# Jurassic Park 4.5... Velociraptors are Dangerous!



## cgipson1 (Jan 8, 2012)

Ok.. So I was bored! I went to Hobby Lobby and checked out the toys... to find something to play with. This is what I found!






















Now this is plastic.. and somewhat shiny plastic at that! I tried to show off the "Muscle Definiton" and the "Skin Texture" by using two different lights in various ways...

not bored anymore!


----------



## Overread (Jan 8, 2012)

The link is on my other computer, but look up Cross polarization flash lighting- or something along those lines. Basically taking polarizing film and putting one section infront of the flash and then putting a polarizer on the lens itself. You then turn the polarizer on the lens and you get a varied effect which will either have no effect or will fully cancel out a lot of reflections from the subject. It can render things very different looking, but for the shiny plastic might well be a great option to lose its shinyess


----------



## cgipson1 (Jan 8, 2012)

Overread said:


> The link is on my other computer, but look up Cross polarization flash lighting- or something along those lines. Basically taking polarizing film and putting one section infront of the flash and then putting a polarizer on the lens itself. You then turn the polarizer on the lens and you get a varied effect which will either have no effect or will fully cancel out a lot of reflections from the subject.
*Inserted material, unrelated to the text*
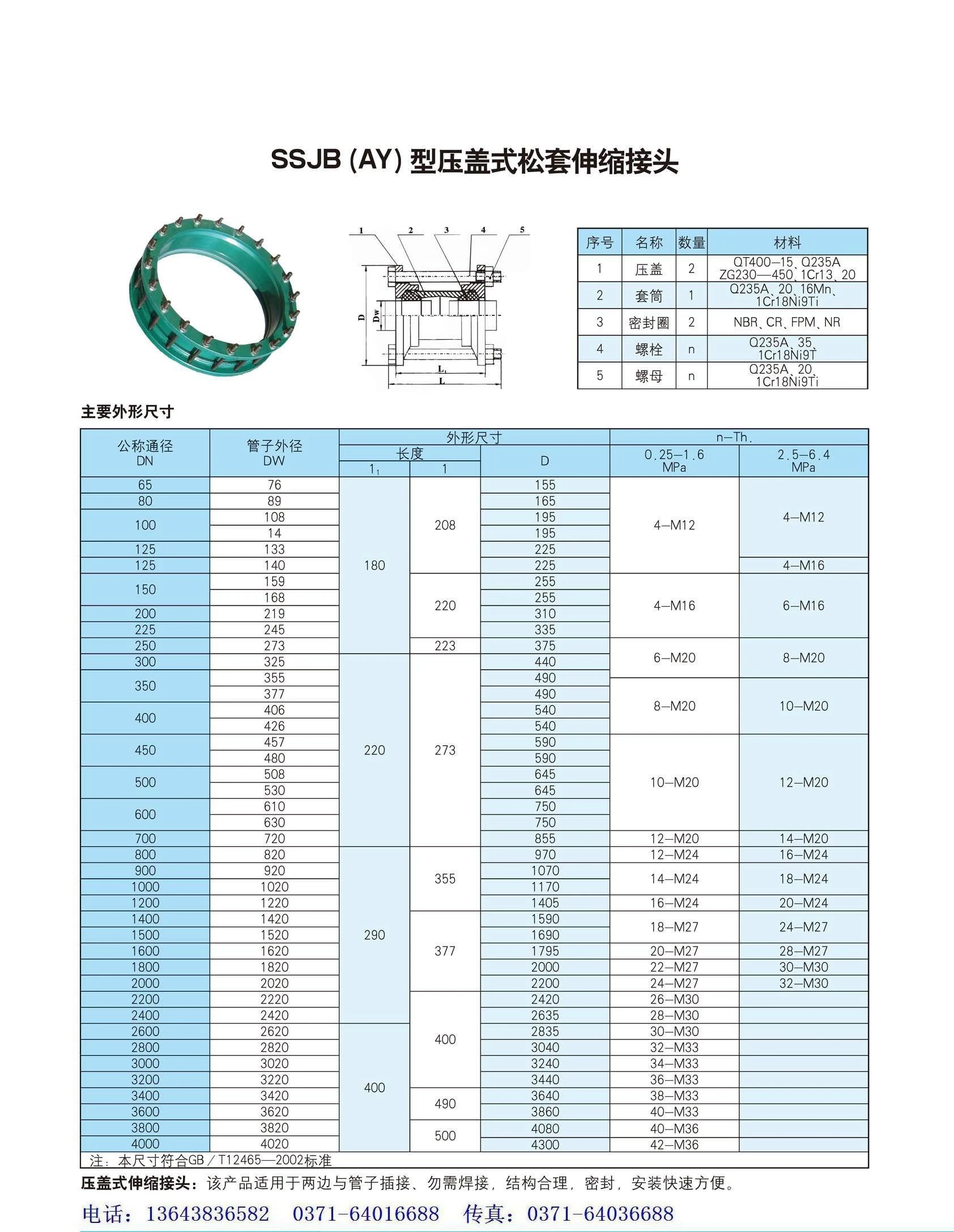 SSJB (AY)型(xing)壓蓋式鬆套伸(shen)縮接頭

It can render things very different looking, but for the shiny plastic might well be a great option to lose its shinyess



This was only really reflective with hard light... I just softened it up a bit and it wasn't too bad. I purposely left them a bit dark.. kind of fit the look, I thought!    That is a good call on the polarizing film, though!


----------



## cgipson1 (Jan 8, 2012)

Some B&W conversions... 

Dark.. meant to be spooky!  lol!






Hmmm.. where is Lightspeed? and wheres the ketchup?


----------



## Desi (Jan 8, 2012)

To me, this is inspiring.  You have made them look more "real" than seeing the toy dinosaur itself.  I have twin almost 3 year olds, so I have an entire zoo of these animals in their room.  I've got to give it a go.  But I'll have to make do with only one light.  Thanks.


----------



## LightSpeed (Jan 8, 2012)

The last one looks GOOD.
You know the one you posted to make me look bad.
Damn thing looks real. Your use of light in this, is in a word, astounding.


----------



## LightSpeed (Jan 8, 2012)

The damn thing in the last one LOOKS REAL. Jesus.
I mean it looks real.


----------



## cgipson1 (Jan 8, 2012)

Desi said:


> To me, this is inspiring.  You have made them look more "real" than seeing the toy dinosaur itself.  I have twin almost 3 year olds, so I have an entire zoo of these animals in their room.  I've got to give it a go.  But I'll have to make do with only one light.  Thanks.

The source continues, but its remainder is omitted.